# Binomial Distribution

Posted by Beetle B. on Thu 18 May 2017

## Bernoulli Distribution

A Bernoulli random variable is one whose only possible values are 0 and 1.

$$P(X=1)=p$$

$$E[X]=p,V[X]=p(1-p)$$

## Binomial Distribution

Requirements for a binomial experiment:

1. There are a fixed number of trials: $$n$$
2. The trials are identical, and their outcome can be classified into two states (traditionally “success” and “failure”).
3. The trials are all independent.
4. The probability of success is constant: $$p$$

A binomial random variable is where we count the number of passes in a binomial experiment.

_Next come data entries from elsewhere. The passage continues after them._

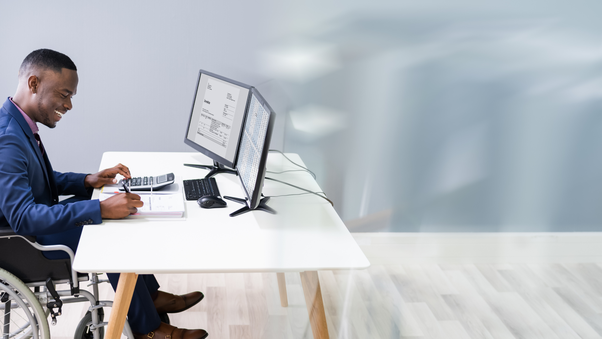 Person wearing a navy suit in a wheelchair working at a white desk. Person is smiling, writing in a notebook, using a calculator and computer. Credit: Canva
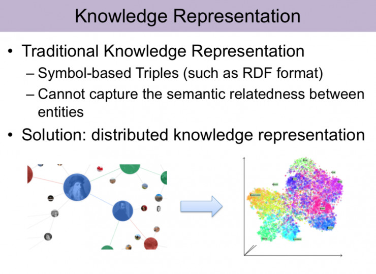 知识表示其实就是将知识图谱里面的实体对应为一个空间中的向量,传统的知识图谱是以一种三元组形式去展现的,现有知识表示方法在模型复杂度较小的情况下,效果是非常好的。我们主要工作有两点,就是去解决现知识表示方法存在的一些问题。第一个它无法去对知识图谱中的复杂关系进行建模。第二个,它无法针对知识图谱内部的关系路径去做建模。
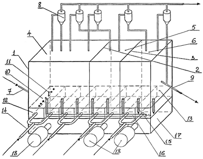 Кроме того, распределитель выполнен в виде вилки и попарно соединен с секциями кессона.

\begin{equation*} b(x;n,p)=\binom{n}{x}p^{x}(1-p)^{n-x} \end{equation*}

for $$x=0,1,\dots,n$$.

Note that it will sum to 1 using the expansion of $$(a+b)^{n}$$.

The cdf is denoted by $$B(x;n,p)$$

The distribution is symmetric when $$p=0.5$$

### Mean, Variance

$$E(X)=np$$, $$V(X)=np(1-p)$$

Note that the variance is maximum when $$p=0.5$$

### Sampling Without Replacement

Note: If you sample without replacement, you do not have a binomial experiment! But if $$n<<N$$, then $$p$$ is roughly the same from trial to trial and you can treat it as binomial.

As a rule of thumb: You can treat it as one when the sample size is less than 5% of the population.